Sunday, 29 April 2012

On looking back

Returning to my blog after this long hiatus is a very interesting experience.  I have been looking over my past posts and find that there are very many that I had forgotten I had written.  Even re-reading them, I have little, if any, memory of them.  In many ways it has been like finding a long-lost photograph.  I feel as if there is something unreal about them - that they are somehow detached from me.  I perceive my life to have been linear, with some sort of progress from point to point but yet I see that there have been discontinuities and shifts in my thoughts both about myself and Goddess.  I feel very differently about some  things now than I did before.  And yet, there is nothing that I would like to have erased from the record.  Nothing of which I am now ashamed or regret that I have written.

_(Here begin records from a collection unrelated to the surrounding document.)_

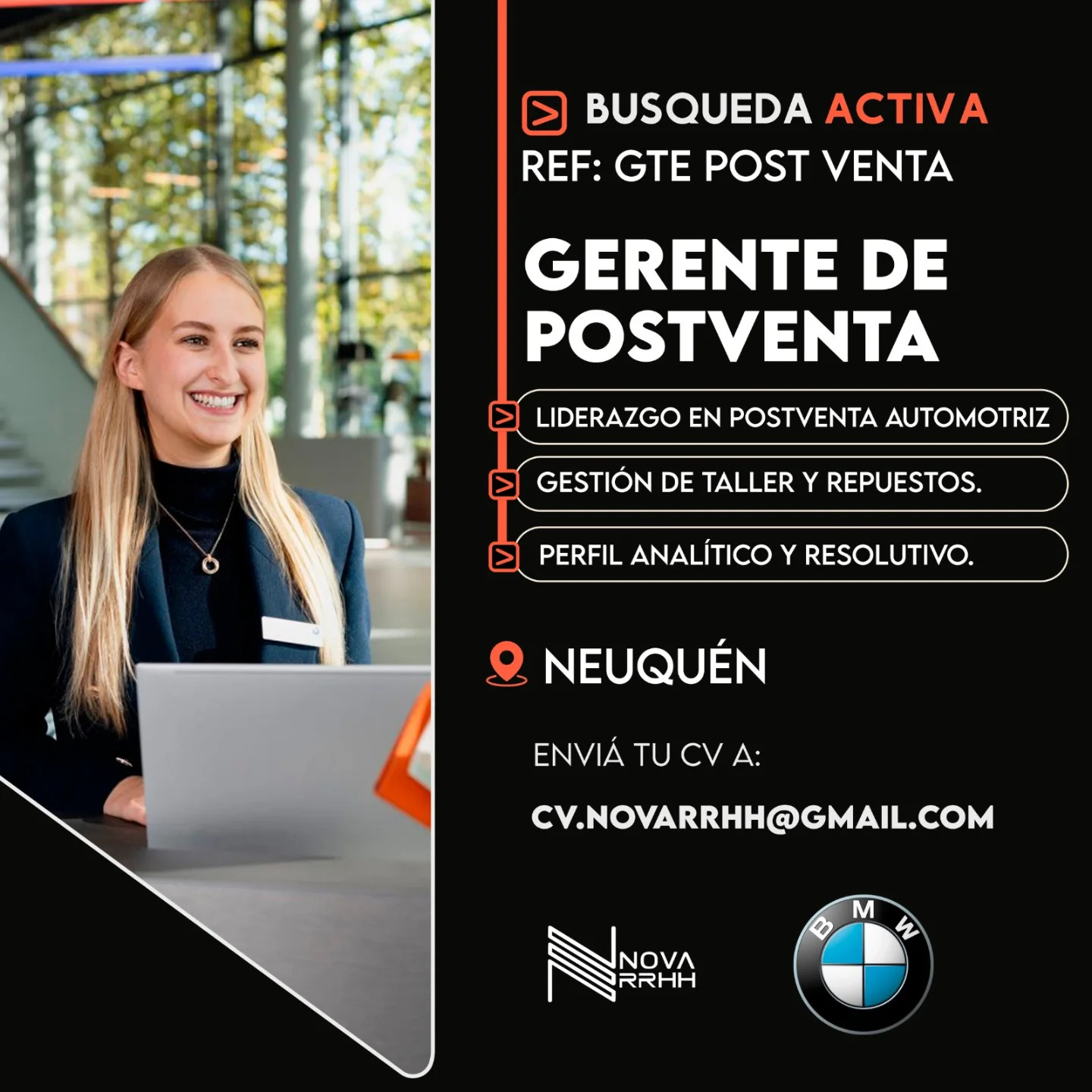 馃摚 Los interesados deber谩n enviar CV actualizado con referencias comprobables y remuneraci贸n pretendida, indicando en el asunto REF: GTE POST VENTA, a cv.novarrhh@gmail.com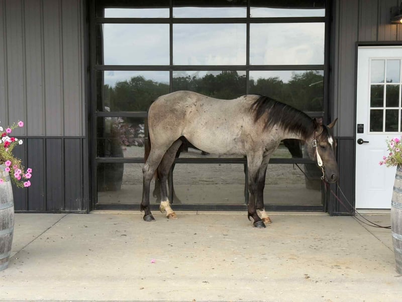 Sunny Blue Day “Chevy” is a 2023 model, reg AQHA, Blue Roan, Stud Colt, that is currently 15HH and will mature to 15.2HH+. Looking for a young, flashy prospect with a head start and a rock-solid foundation? Meet Chevy, a 2-year-old blue roan stud colt with the mind, manners, and movement to go in any direction you want. This colt has been started right—slow, consistent, and with a focus on building confidence, softness, and responsiveness. He was trained using the Downunder Horsemanship Method and has completed both the Fundamental and Intermediate levels and is working on skills in the Advanced Series. He yields his hind end and forequarters easily, sends through small passage and doorways, neck reins with the slightest touch, and flexes his neck softly all while maintaining a supple mouth. Chevy has riding experience in both English and Western disciplines. He has breezed the barrel pattern, exposed to cattle, taken for trail rides, and even been used for lessons with young students! He handles work like an old pro by staying cool, calm and collected during any task. He can handle animals running around, children, traffic, heavy machinery or any loud noises, as he is desensitized the very best. Chevy has the basics of the sought after sliding stop by relying on his hind end to get under him. He rides off of seat pressure, side passes, and has the beginnings of a nice spin. Not only can he do all of those tasks tacked, he can even do them bareback AND bridleless! Chevy’s demeanor is unparalleled for that of your typical stud colt. He is a gentlemen both under saddle and on the ground. He has a heart of gold and is a total sweetheart to anyone. He can be pastured with other studs, mares, and geldings alike. He always finds himself one of the favorites. He is relaxed, slow, and confident. He will ground tie during tacking and untacking, stands tied for hours without fuss, will meet you at the gate (even with a halter in your hand), loads…. Can’t say enough good things about this gentleman! This guy is the real deal! For more info contact Janelle with JR Ranch 319-325-6712. Located in Selma, IA.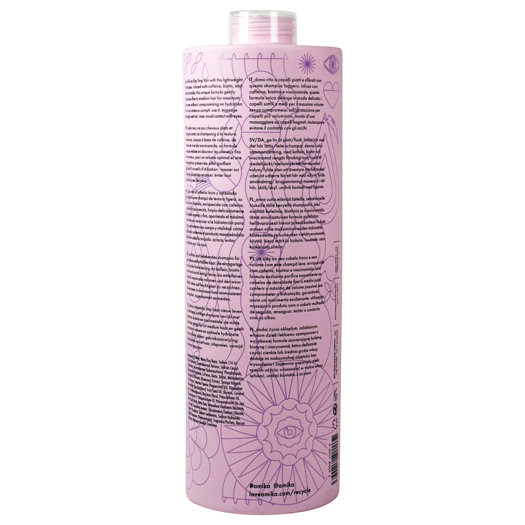 - iconic volume, the amika way: infused with caffeine to energize flat strands + send limp hair home.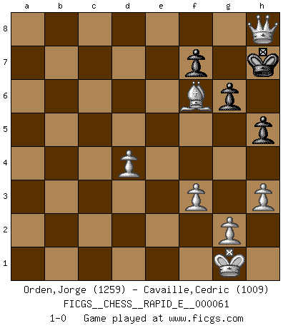 Last move : 1-0 2011 November 2 16:58:52 [Event "FICGS__CHESS__RAPID_E__000061"] [Site "FICGS"] [Date "2011.09.09"] [Round "1"] [White "Orden,Jorge"] [Black "Cavaille,Cedric"] [Result "1-0"] [WhiteElo "1259"] [BlackElo "1009"] 1.e4 c5 2.Nf3 d6 3.d4 cxd4 4.Nxd4 e5 5.Nf3 Nf6 6.Nc3 Be7 7.Be2 O-O 8.O-O a6 9.h3 b5 10.Be3 Bb7 11.a3 d5 12.exd5 Nxd5 13.Nxe5 Nd7 14.Nxd5 Nxe5 15.Nxe7+ Qxe7 16.b4 a5 17.Bxb5 axb4 18.axb4 Qxb4 19.Bd3 Nxd3 20.cxd3 Rxa1 21.Qxa1 Qb5 22.Rb1 Qc6 23.f3 Bc8 24.Rc1 Qe6 25.Bc5 Rd8 26.d4 Qd5 27.Bb6 Rd6 28.Rxc8+ Rd8 29.Rxd8+ Qxd8 30.Bxd8 g6 31.Bf6 h5 32.Qa8+ Kh7 33.Qh8+ 1-0 Sicilian Kingside Castling by player Black (move 7) Kingside Castling by player White (move 8) Player White won this chess game. Follow this game move after move (download)I am still a victim of Chess. It has all the beauty of art and much more. It cannot be commercialized. Chess is much purer than art in its social position. (Marcel Duchamp) Wenn ich mich einlogge, glauben die Leute gewöhnlich nicht, dass ich es selbst bin und sie fangen an, mir dumme Fragen zu stellen. Und wenn sie es glauben, stellen sie wieder andere dumme Fragen. (Judith Polgar) El juego de Fischer siempre fue nítido, racional y brillante. Uno de los mejores por siempre. (Dave Regis) Fischer est le meilleur joueur du monde et Karpov n'est qu'un joueur de bistrot. (Garry Kasparov, agé de 16 ans) Beep ! (R2D2 in Star Wars ep.3)

One of the major reasons for this is, I believe, that I am currently, and have been since my return from Hungary, rather solitary.  I am no longer involved in any significant way in any form of communal practice.  I feel very sad about this sometimes but at other times it seems to be a blessing.  I enjoyed ceremony and the feeling of being in the centre of things.  I enjoyed the feeling of belonging and the sense that I was recognised and somehow valuable.  I liked the glamour that came with this. Now, when I go to ceremonies in the Glastonbury Temple - which is not that often since I now have to rely on a very unhelpful public transport system - I feel a little marginal.  Things have moved on.  I have moved on.  It is hard to say, on any particular occasion, which movement is more significant.  It is just that I no longer feel that public ceremony is central to my life and being.  This is both a loss and a gain, a grief and a relief and it is hard to say which emotions predominate. The reality is that they oscillate.

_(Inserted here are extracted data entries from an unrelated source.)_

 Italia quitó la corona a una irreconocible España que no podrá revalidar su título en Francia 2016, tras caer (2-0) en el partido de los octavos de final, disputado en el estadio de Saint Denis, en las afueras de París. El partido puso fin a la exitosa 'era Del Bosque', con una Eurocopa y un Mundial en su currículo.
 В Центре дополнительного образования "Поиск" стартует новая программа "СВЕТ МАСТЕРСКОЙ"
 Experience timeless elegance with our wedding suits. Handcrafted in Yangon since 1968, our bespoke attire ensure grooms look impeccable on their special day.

I miss the connection with people.  I miss the structure of community.  I miss that feeling of belonging that went with it.  I am at times all too well aware that, were I to die tomorrow, there are few who would notice, At those times I feel sad.  On other days, however, I sense a freedom in this anonymity.  I no longer feel the need to police myself, to censor my words and even my thoughts, in the fear that I would offend or alienate others.  I no longer feel I have to please and my sense of myself as a human being no longer depends on the esteem of others.  I know that in some ways, through my actions and inactions, I have undoubtedly forfeited much of this.  Time has given me perspective on those occasions when this happened.  I will not go into detail here, but may return to the subject later when they will be more relevant.  What I am concerned with here is my current thoughts and positions.

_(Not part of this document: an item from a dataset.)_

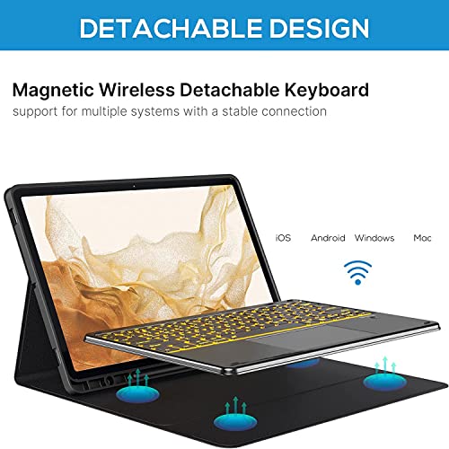 ECYASR Custodia con Tastiera per Lenovo Tab P12 PRO 12,6 Pollici 2022, Tastiera Touch Wireless Rimovibile, Tasti Retroilluminati a 7 Colori, Custodia Sottile Protettiva per Supporto,Nero

For the last two years, much of my time and attention has been focused on my forthcoming book about Inanna.  A few weeks ago, I gave a short presentation on some of my research to a group in Glastonbury and was gratified at the reception I got.  My fear had been that I was completely off the wall or, alternatively, merely restating facts already well-known.  Neither seemed to be the case.  I felt that my work was being validated.  That I was, in reality and not just my won imagination, onto something

What I have come to realise is that, without the estrangements of the last few years, I would never have got as far as I already have.  I needed the isolation, first the linguistic one of being in a strange country and second the social one in my own home country, in order to delve as deep as I can into both myself and more importantly, Inanna.  She has remained the constant, the baseline around which all my oscillations are centred.  Even when things have got really dark and my fear seemed close to overwhelming me, there has ever been the awareness that this is part of the process that Her descent embodies.

I have never been one for sweetness and light - I am more drawn to the exploration of the dark, both within myself and others.  I have been forcefully confronted at times by my own darkness and have been all but overwhelmed by it.  I have also, however, become aware that there is strength in this awareness.  For darkness is part of being human.  It is the label I was given to refer to the  instinctual drives necessary to survive.  I do not like to know that some of my outwardly better actions have been, in part at least, driven by such base motives.  I do not like to acknowledge that I am far from saintly and unselfish.  But I am.  For I am human.  I am a man.  And, despite the discomfort that I sometimes feel at this, am glad to be so.